** Task data **
_ _ _ _ _ _ _

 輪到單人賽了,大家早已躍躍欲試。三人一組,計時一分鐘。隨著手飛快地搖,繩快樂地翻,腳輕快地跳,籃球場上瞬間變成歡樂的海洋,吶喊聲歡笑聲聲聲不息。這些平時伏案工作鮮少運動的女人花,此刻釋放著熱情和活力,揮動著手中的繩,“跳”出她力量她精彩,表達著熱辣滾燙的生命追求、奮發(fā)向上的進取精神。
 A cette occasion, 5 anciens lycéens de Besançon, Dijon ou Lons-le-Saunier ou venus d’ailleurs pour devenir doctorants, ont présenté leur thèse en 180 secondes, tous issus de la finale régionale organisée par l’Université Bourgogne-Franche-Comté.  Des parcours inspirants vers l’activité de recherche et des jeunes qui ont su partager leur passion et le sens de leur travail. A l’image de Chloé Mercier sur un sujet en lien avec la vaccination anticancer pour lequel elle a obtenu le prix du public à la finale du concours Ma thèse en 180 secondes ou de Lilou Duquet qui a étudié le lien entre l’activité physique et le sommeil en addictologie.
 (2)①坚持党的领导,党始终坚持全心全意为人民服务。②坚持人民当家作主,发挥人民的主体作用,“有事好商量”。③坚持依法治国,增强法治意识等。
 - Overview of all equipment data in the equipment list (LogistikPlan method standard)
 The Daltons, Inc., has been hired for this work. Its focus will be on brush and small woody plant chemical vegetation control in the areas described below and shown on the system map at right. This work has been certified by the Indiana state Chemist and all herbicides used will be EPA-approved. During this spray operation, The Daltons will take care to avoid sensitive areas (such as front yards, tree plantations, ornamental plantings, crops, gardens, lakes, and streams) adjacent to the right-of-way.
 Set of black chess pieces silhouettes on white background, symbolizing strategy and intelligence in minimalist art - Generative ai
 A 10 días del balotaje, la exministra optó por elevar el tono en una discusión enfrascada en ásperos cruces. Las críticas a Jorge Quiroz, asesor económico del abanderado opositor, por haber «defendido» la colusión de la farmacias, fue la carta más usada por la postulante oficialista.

_ _ _ _ _ _ _

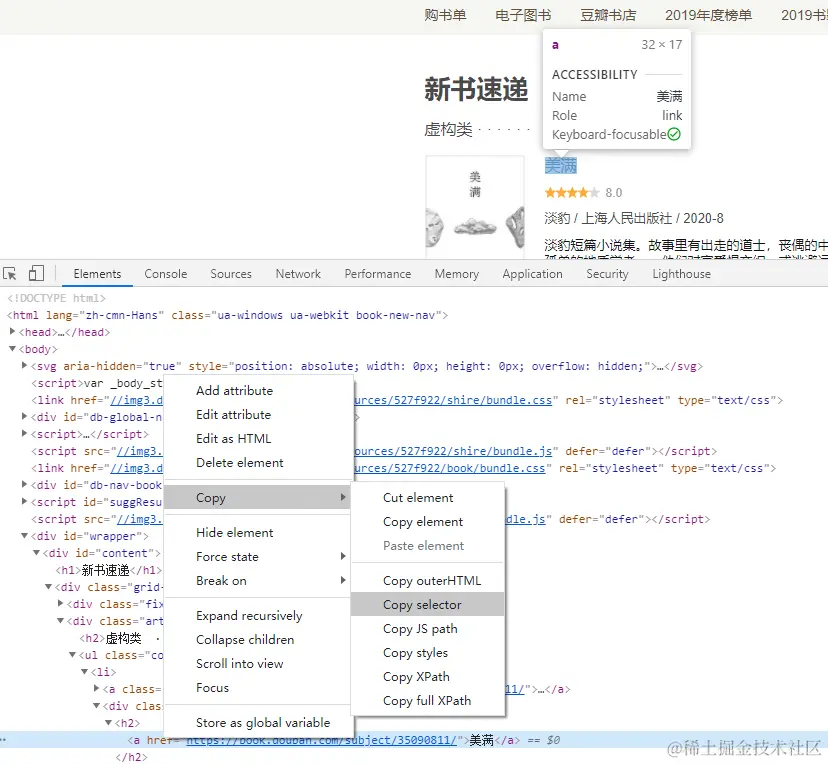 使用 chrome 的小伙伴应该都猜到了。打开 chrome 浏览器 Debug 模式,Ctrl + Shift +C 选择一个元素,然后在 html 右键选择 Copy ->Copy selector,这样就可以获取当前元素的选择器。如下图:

_ _ _ _ _ _ _

Which lines above run from the one containing "輪到單人賽了,大家早已躍躍欲" to the one containing "A 10 días del"? Give them again exactly, both ends included.

** Result of this task **
 輪到單人賽了,大家早已躍躍欲試。三人一組,計時一分鐘。隨著手飛快地搖,繩快樂地翻,腳輕快地跳,籃球場上瞬間變成歡樂的海洋,吶喊聲歡笑聲聲聲不息。這些平時伏案工作鮮少運動的女人花,此刻釋放著熱情和活力,揮動著手中的繩,“跳”出她力量她精彩,表達著熱辣滾燙的生命追求、奮發(fā)向上的進取精神。
 A cette occasion, 5 anciens lycéens de Besançon, Dijon ou Lons-le-Saunier ou venus d’ailleurs pour devenir doctorants, ont présenté leur thèse en 180 secondes, tous issus de la finale régionale organisée par l’Université Bourgogne-Franche-Comté.  Des parcours inspirants vers l’activité de recherche et des jeunes qui ont su partager leur passion et le sens de leur travail. A l’image de Chloé Mercier sur un sujet en lien avec la vaccination anticancer pour lequel elle a obtenu le prix du public à la finale du concours Ma thèse en 180 secondes ou de Lilou Duquet qui a étudié le lien entre l’activité physique et le sommeil en addictologie.
 (2)①坚持党的领导,党始终坚持全心全意为人民服务。②坚持人民当家作主,发挥人民的主体作用,“有事好商量”。③坚持依法治国,增强法治意识等。
 - Overview of all equipment data in the equipment list (LogistikPlan method standard)
 The Daltons, Inc., has been hired for this work. Its focus will be on brush and small woody plant chemical vegetation control in the areas described below and shown on the system map at right. This work has been certified by the Indiana state Chemist and all herbicides used will be EPA-approved. During this spray operation, The Daltons will take care to avoid sensitive areas (such as front yards, tree plantations, ornamental plantings, crops, gardens, lakes, and streams) adjacent to the right-of-way.
 Set of black chess pieces silhouettes on white background, symbolizing strategy and intelligence in minimalist art - Generative ai
 A 10 días del balotaje, la exministra optó por elevar el tono en una discusión enfrascada en ásperos cruces. Las críticas a Jorge Quiroz, asesor económico del abanderado opositor, por haber «defendido» la colusión de la farmacias, fue la carta más usada por la postulante oficialista.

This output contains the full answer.